Bloed is een heterogene structuur.Het verlagen van de bloeddruk kan ook de viscositeit ervan verhogen. Omgekeerd treedt een afname van de viscositeit op onder invloed van hoge druk. Systemische structurering valt uiteen. Als de capillairen worden versmald tot 150 micron of minder, neemt de viscositeit af. Het werk van het menselijke cardiovasculaire systeem hangt rechtstreeks af van deze indicator.
Soortelijk gewicht
Veranderingen in de fysisch-chemische eigenschappen van bloedwordt weerspiegeld in het werk van elk lichaamssysteem. Het is noodzakelijk om parameters als soortelijk gewicht onder controle te houden. Het hangt af van het aantal rode bloedcellen en van de hemoglobine die ze bevatten.
Plasmasamenstelling speelt ongetwijfeld een belangrijke rol.Het soortelijk gewicht van bloed bij een volwassene is 1,05-1,06. Bij mannen is het aantal rode bloedcellen hoger, dus voor hen is deze indicator iets hoger.
In omstandigheden van verhoogd vochtverlies door het lichaam(bijvoorbeeld bij warm weer, in een benauwde kamer), neemt het soortelijk gewicht van bloed toe. In plasma is deze indicator lager dan in erytrocyten. Daarom treedt bij het verlies van vocht een verhoging van de hematocriet op. Om deze indicator weer normaal te maken, sturen de hersenen een signaal van dorst. Hiermee kun je watervoorraden aanvullen. Daarom neemt op een warme dag de behoefte aan een grote hoeveelheid vloeistof toe.
Plasma
De fysisch-chemische eigenschappen van bloedplasma verdienen ook gedetailleerde aandacht. Dankzij de eiwitten die het bevat, vervult deze stof een aantal functies.
Plasma reguleert het water-zoutmetabolisme,handhaaft osmotische druk. Dit is erg belangrijk voor een normaal welzijn. Vanwege oncotische druk zorgt het voor het vereiste niveau van homeostase. Dankzij plasma blijven viscositeitseigenschappen, coaguleerbaarheid en beschermende functies ook behouden.
Deze omgeving is betrokken bij het correct houdenhet niveau van het zuur-base-evenwicht. Plasma is een reserve aan aminozuren. Hierdoor kan het bloed zijn voedingsfuncties uitoefenen. Plasma transporteert hormonen en vetzuren.
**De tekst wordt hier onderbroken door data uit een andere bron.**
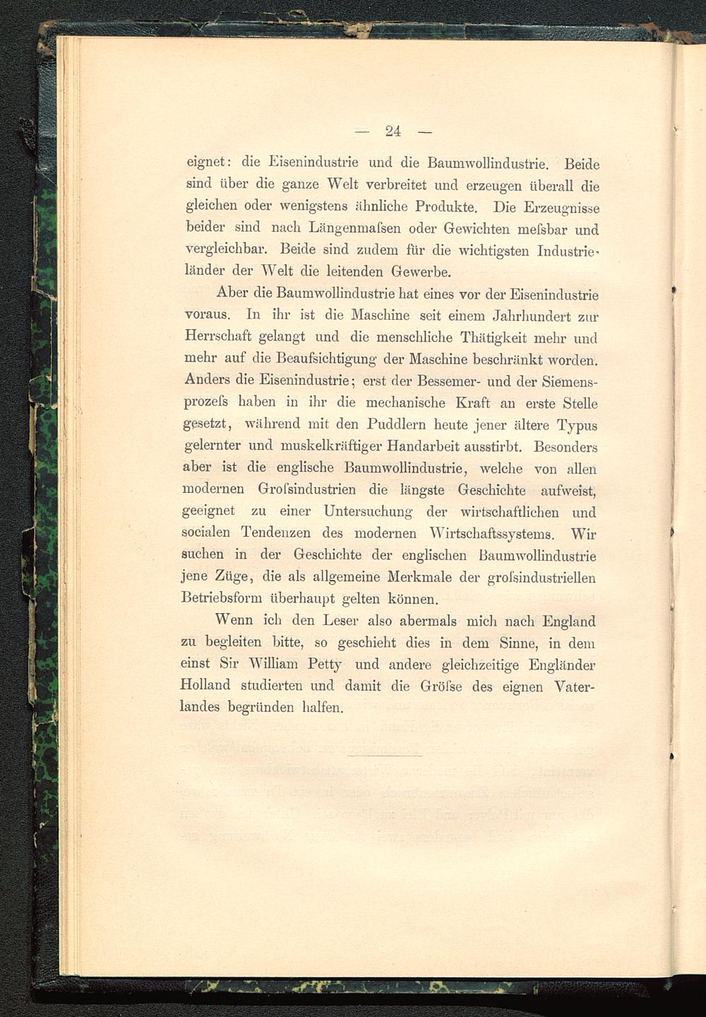 Aber die Baumwollindustrie hat eines vor der Eisenindustrievoraus. In ihr ist die Maschine seit einem Jahrhundert zurHerrschaft gelangt und die menschliche Thätigkeit mehr undmehr auf die Beaufsichtigung der Maschine beschränkt worden.Anders die Eisenindustrie: erst der Bessemer- und der Siemens-prozefs haben in ihr die mechanische Kraft an erste Stellegesetzt, während mit den Puddlern heute jener ältere Typusgelernter und muskelkräftiger Handarbeit ausstirbt. Besondersaber ist die englische Baumwollindustrie, welche von allenmodernen Grofsindustrien die längste Geschichte aufweist,geeignet zu einer Untersuchung der wirtschaftlichen undsocialen Tendenzen des modernen Wirtschaftssystems. Wirsuchen in der Geschichte der englischen Baumwollindustriejene Züge, die als allgemeine Merkmale der grofsindustriellenBetriebsform überhaupt gelten können.

Gezien de fysisch-chemische eigenschappen van bloed,u kunt het belang ervan voor het lichaam begrijpen. Het op peil houden van alle kenmerken is de sleutel tot de gezondheid en het goed functioneren van het gehele cardiovasculaire systeem. Zelfs kleine afwijkingen in de indicatoren en eigenschappen van bloed, het plasma ervan, beïnvloeden het welzijn van een persoon.
Je moet naar de signalen van het lichaam luisterenhun eigen bestwil. Als een van de componenten niet voldoende is voor de normale werking van de bloedsomloop, zal de persoon zich onbevredigend voelen. In dergelijke gevallen is het noodzakelijk om een hematoloog te raadplegen.